The past few months have been a study on the wonder and intricacy of the human body for me. As a former pre-med biology major, I have been geeking out a bit at physical therapy and doctors appointments learning more and more about my amazing (but painful) body and how it operates. It has been a frustrating yet fascinating journey to figure out what is actually wrong (or diseased) in my body.
Though I first felt the pain in my neck, I soon realized that the place you feel the pain is not necessarily the place that has the disease.
For instance, when the doctors were first examining my neck they kept asking me if I had tingling and numbness in my hands (nope). It turns out the most obvious signs of cervical disc damage are not just felt in the neck but in the arms and even fingers.
Likewise as I kept telling people about my migraines they would always ask me where I felt the pain the most (just over my left eye). I had always assumed that the pain over my eye meant the headaches were sinus related. But in truth the source of the headaches has been a spasm in the muscle where my left shoulder meets my neck. There is a nerve that runs from that muscle up to the place above my eye which is why I feel the discomfort there. It is called referred pain. I always thought it strange that my sinus headaches caused a knot in my left shoulder. Who knew I had it backwards?
My latest revelation is that the source of my neck and shoulder pain has been my TMJ all along (well that and anxiety). And the TMJ is caused by… wait for it … poorly aligned teeth. Yes, it is my stress inducing bite that is making my neck and shoulders so out of whack. I never dreamed three months ago that all the problems in my muscles were caused by the angle of my front teeth. But there are muscles and nerves and ligaments whose names I don’t know and had never imagined that connect these separate but interrelated body parts.
The body is an amazing organism indeed.
After I got over the shock of learning I would need braces, I began to meditate on the interconnectedness of it all. It really shouldn’t surprise me that my teeth could affect my neck. After all, one of my favorite Scriptures passage is 1 Corinthians 12 where Paul talks about how all the parts of the body are dependent on one another for their overall health.
And as you might imagine, this is true for more than our physical body as well.
In my husband’s mental health work, he sees a good deal of families. The first person to come in is almost always one of the children. The parents are upset because the child is acting out or having problems in school. But about two sessions in he usually realizes the root problem does not lie with the child, the child is merely the one expressing the pain. Maybe the parents are fighting or the family is in a particularly stressful time. Because a family is an interconnected system the disease affects everyone within it, especially someone as vulnerable as a child. To truly help the child, he usually end up treating the whole family. When the parents marriage improves, so does the kid’s grades.
One thing affects another. For we are much more connected than we could ever imagine.
Though it scares me to think that this interconnection is true on a global scale as well, I know that it must be true. And not just in a “if a butterfly in Madagascar beats its wings” sort of way.
What scares me most is that I know my life affects and is affected by the child in Africa that will die later today because he contracted a preventable disease from dirty drinking water.
And that my life affects and is affected by girls in Afghanistan who are not allowed to get a proper education.
We look at the world and see all of its problems, but what if the root of the problem is not in Africa or Afghanistan? What if Africa and Afghanistan are just the members of our global body expressing the most pain?
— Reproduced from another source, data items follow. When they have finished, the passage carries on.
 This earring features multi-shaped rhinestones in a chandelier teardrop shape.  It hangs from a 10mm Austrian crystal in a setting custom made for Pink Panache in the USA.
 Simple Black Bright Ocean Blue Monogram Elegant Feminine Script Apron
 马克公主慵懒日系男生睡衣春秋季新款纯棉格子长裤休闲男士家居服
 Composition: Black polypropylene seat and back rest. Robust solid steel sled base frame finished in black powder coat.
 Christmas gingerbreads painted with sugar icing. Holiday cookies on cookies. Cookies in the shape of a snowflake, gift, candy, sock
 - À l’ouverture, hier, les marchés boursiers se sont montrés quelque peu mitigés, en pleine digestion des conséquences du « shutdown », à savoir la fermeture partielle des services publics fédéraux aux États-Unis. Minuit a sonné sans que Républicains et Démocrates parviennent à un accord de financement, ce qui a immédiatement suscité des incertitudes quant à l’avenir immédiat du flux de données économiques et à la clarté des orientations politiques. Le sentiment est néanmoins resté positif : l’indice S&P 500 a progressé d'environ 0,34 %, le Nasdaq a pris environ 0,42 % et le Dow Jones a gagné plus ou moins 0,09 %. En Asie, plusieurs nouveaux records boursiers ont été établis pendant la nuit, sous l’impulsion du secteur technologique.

Where is the root of the disease? And dear God, what if the root disease has something to do with me?
Does it matter if I get a new sweater for Christmas instead of donating money to Living Water?
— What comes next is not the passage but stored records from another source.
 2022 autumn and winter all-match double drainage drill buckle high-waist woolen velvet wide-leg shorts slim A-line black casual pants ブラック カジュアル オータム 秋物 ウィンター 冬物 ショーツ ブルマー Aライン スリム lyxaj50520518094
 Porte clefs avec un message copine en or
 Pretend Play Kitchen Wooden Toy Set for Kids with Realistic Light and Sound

To be honest, my eyes have probably been so blinded for so long I can’t even fathom the ways that my first world lifestyle impacts a teenager in Indonesia, but I know it does. And moreover that teenager in Indonesia’s life affects me. Until they are truly well neither will I be.
We are bound together by ligaments and nerves whose names I know not nor ever dreamed of.
But somehow, somewhere they are there. Tying us all together into one big body.
If you like me worry about how the body of our world is suffering from all manner of illness and war, will you join me in prayers for clarity? To understand where the disease truly lies? For until we can make the crooked places straight, there will always be pain.
Dear God, bring us healing. And not just for us, but for all.